The 1898 Cincinnati Reds season was a season in American baseball. The team finished in third place in the National League with a record of 92–60, 11.5 games behind the Boston Beaneaters.

Regular season 
The Cincinnati Reds came into the 1898 season with high hopes, and hoping not to have a late season collapse, which had happened the previous three seasons.

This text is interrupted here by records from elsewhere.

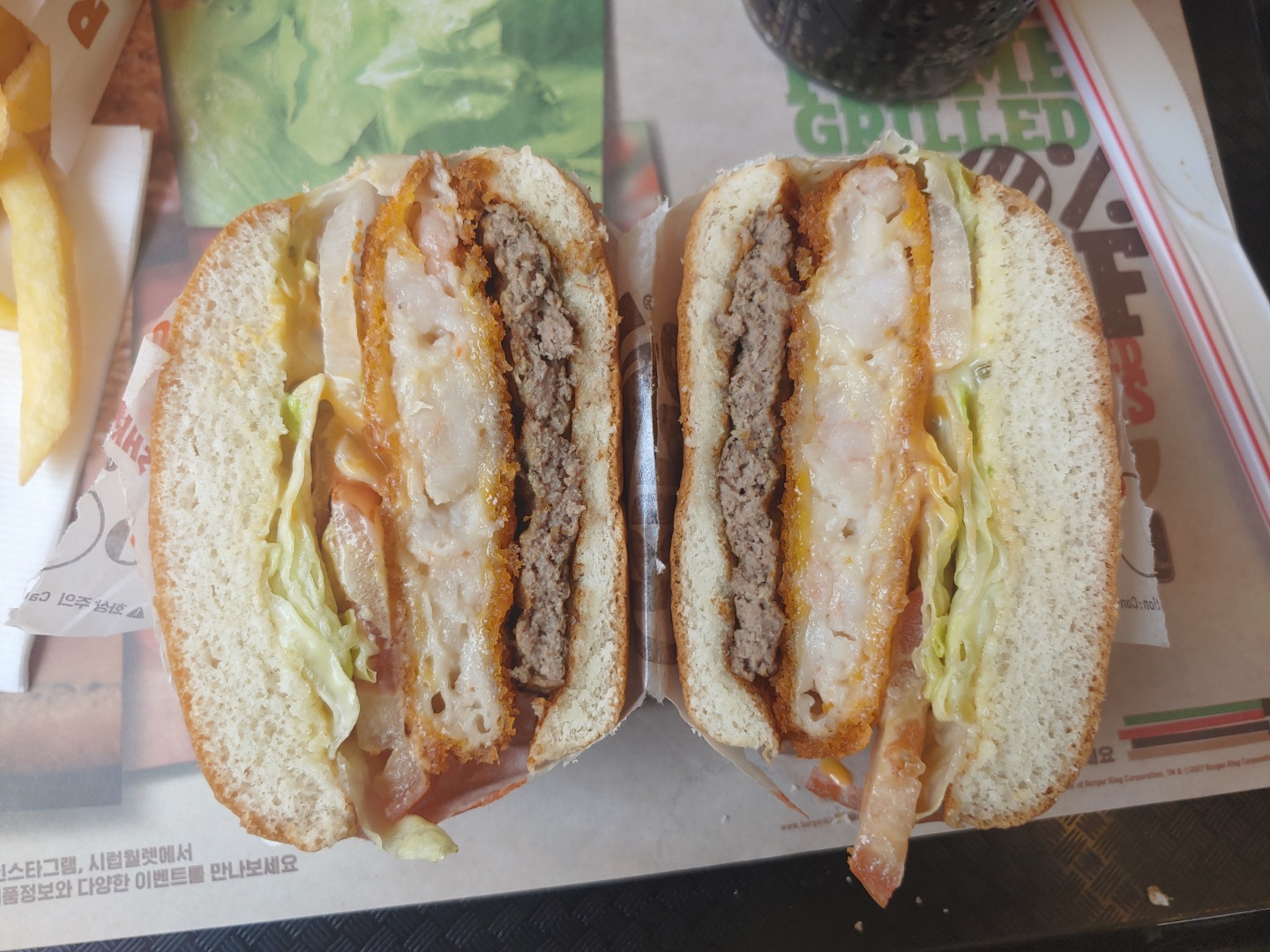 버거킹 아빠상어버거의 특징은 새우튀김패티와 비프패티가 들어가있다는 것 입니다.
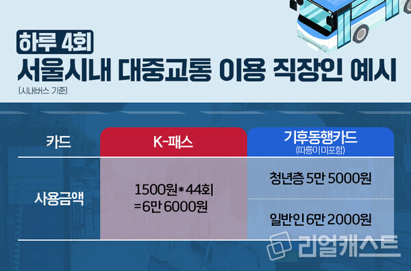 이렇다 보니 기후동행카드와 병행해 사용하는 것이 유리할 수도 있지 않을까 생각하는 분들을 위해 리얼캐스트에서 상황을 비교해봤습니다.
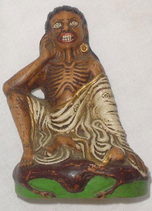 Striking Mongolian depiction of an ascetic Milarepa. About 3" tall.
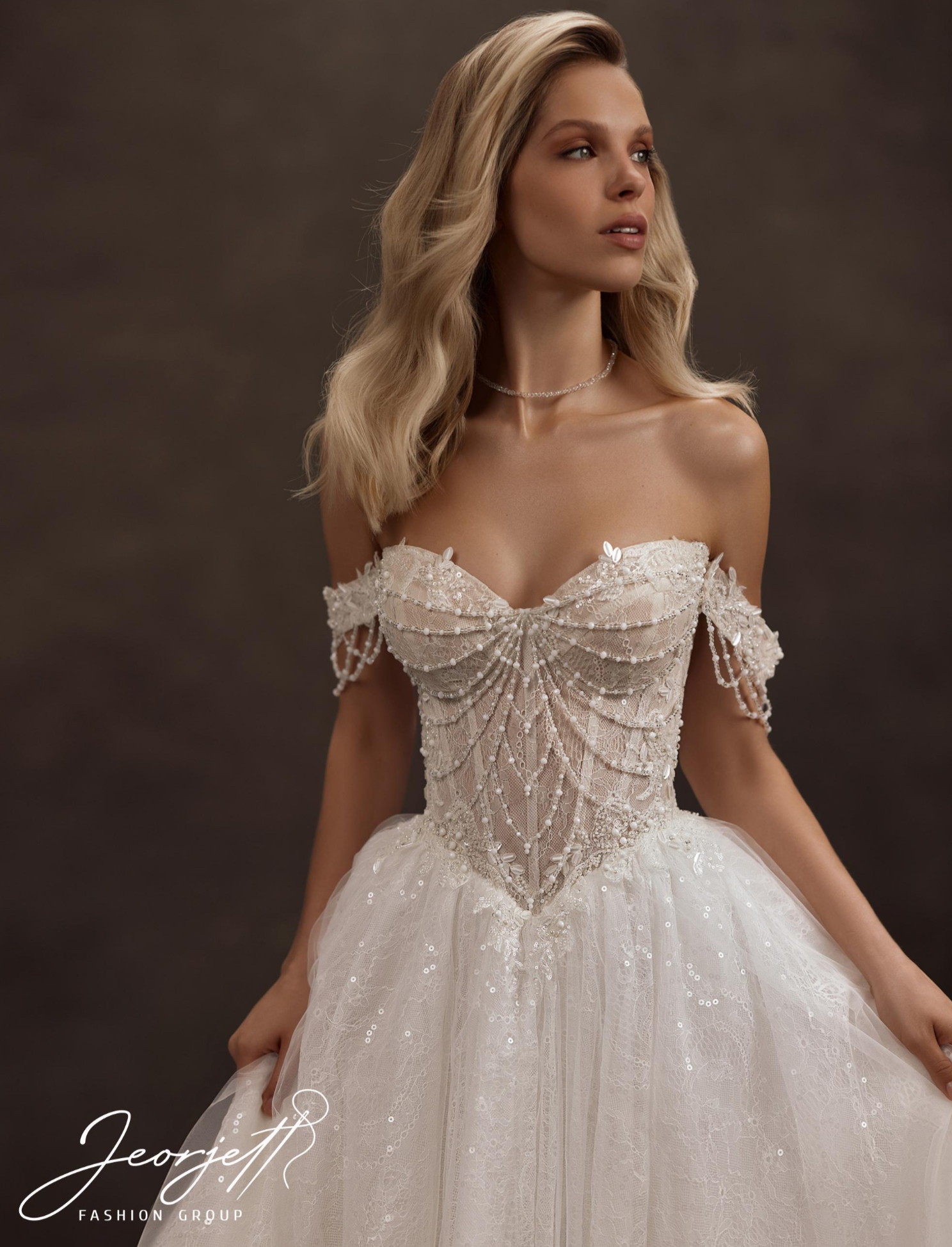 Son corset richement travaillé apporte une structure élégante et met en valeur la silhouette avec raffinement. Les détails délicats et les perles apportent une touche haute couture à cette robe.
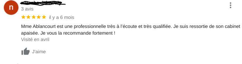 Quelques témoignages (source Google my business https://g.co/kgs/GVjPTh )
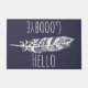 Pena tribal branca bonito boémia com as palavras "olá!" e "adeus". A cor do fundo pode ser personalizada.
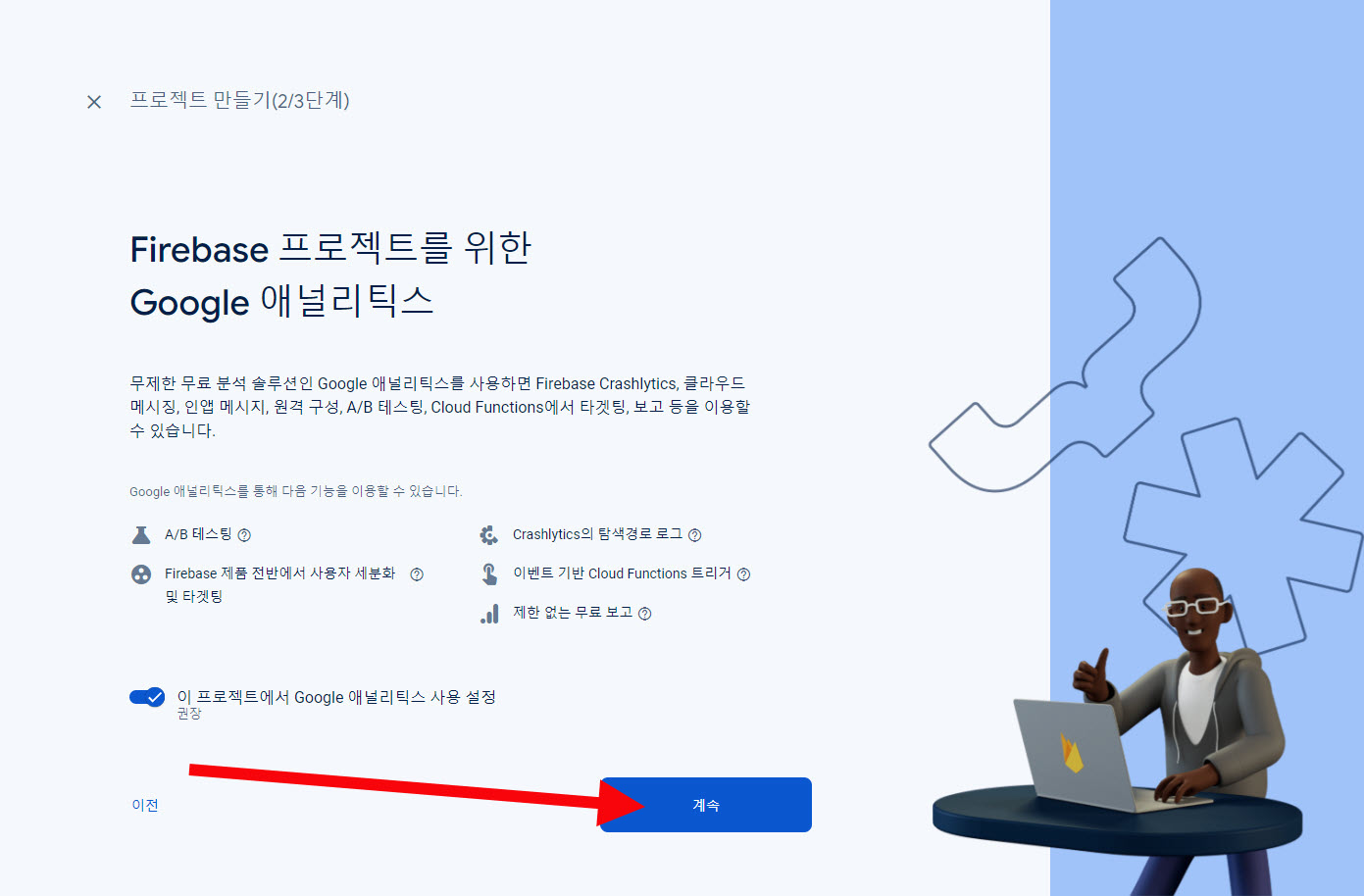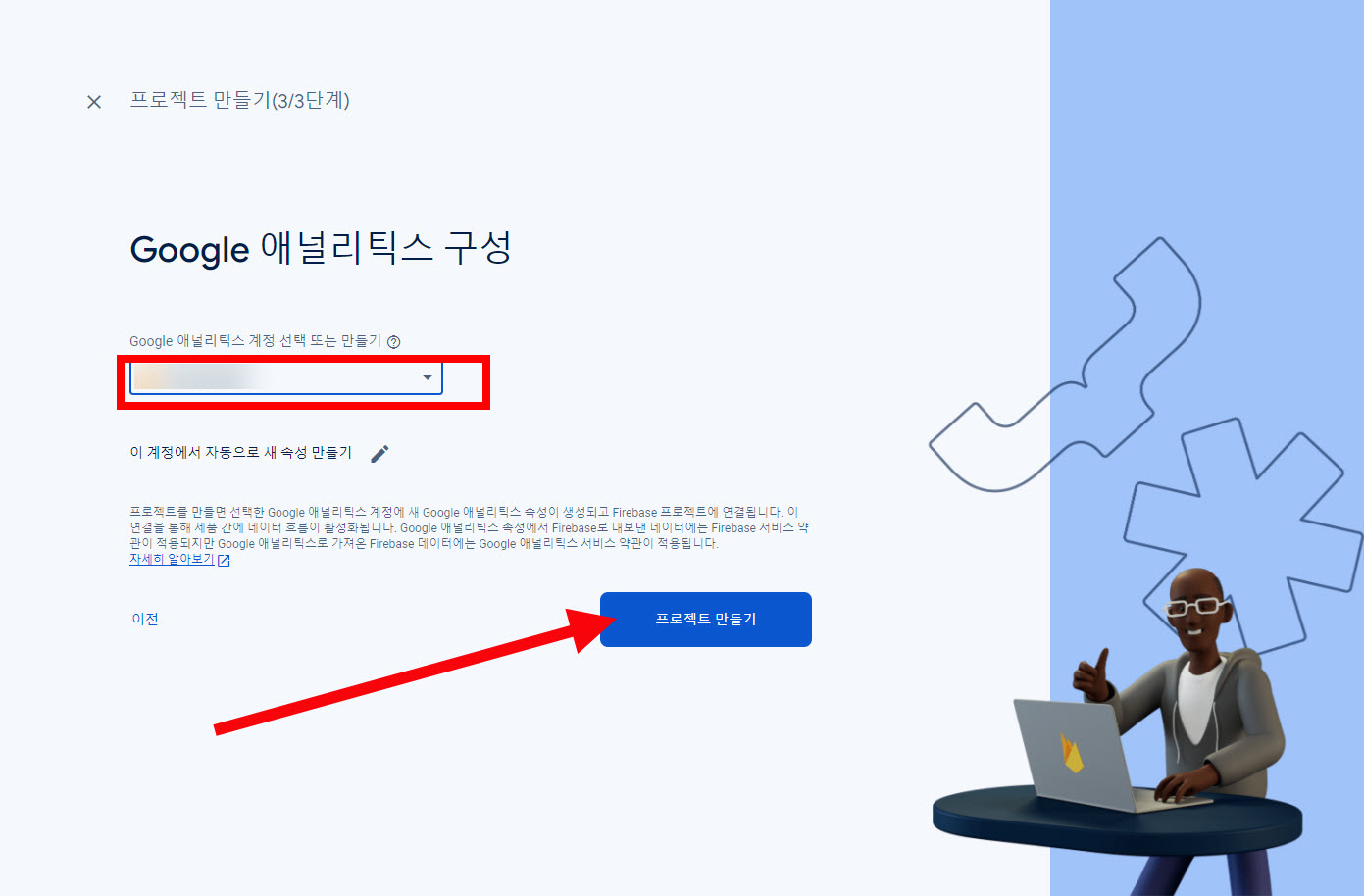 6)프로젝트 만들기 단계를 진행합니다(프로젝트 이름, 구글 애널리틱스 사용설정, 기타)
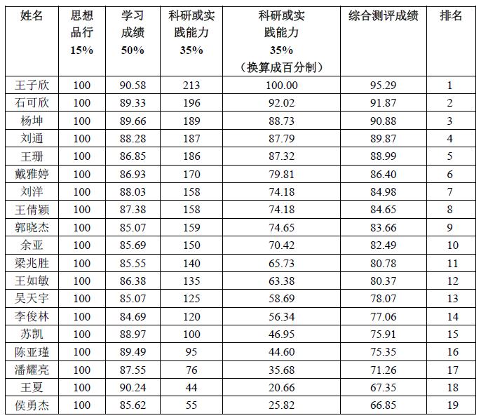 法律硕士研究生综合素质测评成绩公示
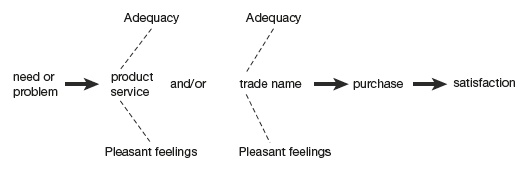 In buying anything, the purchaser proceeds mentally from need or problem to product or service, to trade name, to purchase, and, upon using the product or service, he or she experiences satisfaction or dissatisfaction. Thus, when a definite buying habit has been established, the buying formula is:
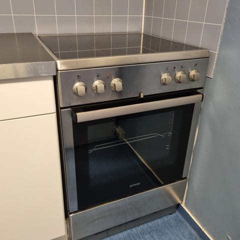 Gis bort pga oppussing. Fungerer som den skal, trenger en vask. Kommer med 3 ovnplater og en rist.
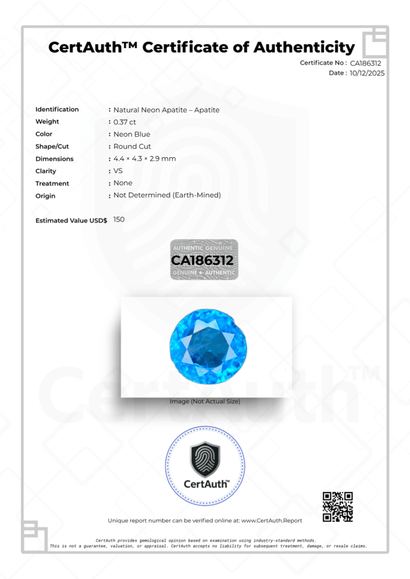 0.37 CT ROUND CUT NATURAL NEON APATITE - NEON BLUE HUE (CERTAUTH CERTIFIED) This Auction Features A Vibrant 0.37-Carat Natural Apatite Displaying A Striking Neon Blue Colour. The Gemstone Is Cut In A Round Shape And Has Vs Clarity. This Earth-Mined Stone Is Untreated, Preserving Its Natural Characteristics. Included With The Purchase Is The Certauth Certificate Of Authenticity. Details: • Gemstone: Natural Neon Apatite – Apatite • Carat Weight: 0.37 Ct • Colour: Neon Blue • Cut: Round Cut • Clarity: Vs • Treatment: None • Metal: N/A (Loose Gemstone) • Dimensions: 4.4 X 4.3 X 2.9 Mm • Ring Size: N/A • Origin: Not Determined (Earth-Mined) • Certification: Certauth Certificate (No: Ca186312) • Estimated Value: $150 Usd Condition: Good - Refer Images 0 488395+186312
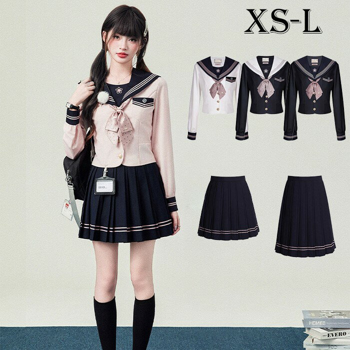 制服 セーラー服 スカート 上下セット 女子 入学式 卒業式 学生服 無地 ホワイト ピンク ネイビー 紺 レディース 長袖 プリーツスカート ショート丈 ロング丈 高校生 女子高生 シンプル 受験 結婚式 発表会 通学 JK 可愛い コスプレ コスチューム 仮装 イベント ma004lclcm7

The club retained manager Buck Ewing for a fourth season, and made a few player changes in the off-season.  Cincinnati was involved in a seven player trade with the Pittsburgh Pirates, as the Reds sent Bill Gray, Jack McCarthy, Billy Rhines, Pop Schriver and Ace Stewart to the Pirates for Pink Hawley, Mike Smith and $1,500.  Hawley had a record of 18–18 with Pittsburgh in 1897, posting an ERA of 4.80.  His best season was in 1895 with the Pirates, as he was 31–22 with a 3.18 ERA in a National League high 56 games pitched.  Smith batted .310 with six home runs and 54 RBI with the Pirates in 1897.  He also previously played for the Reds when they were members of the American Association, as he saw limited playing time in Cincinnati from 1886–1889.  The Reds also acquired Algie McBride, who spent the 1897 season with the St. Paul Saints of the Western League, hitting .381 there.  McBride had previous major league experience, appearing in nine games with the Chicago Colts in 1896.

Jake Beckley led the offense, as he hit a solid .294 with a team high four home runs, while earning 72 RBI. Tommy Corcoran led the club with 87 RBI, while Mike Smith hit a team best .342, as well as hitting one home run and driving in 66 runners.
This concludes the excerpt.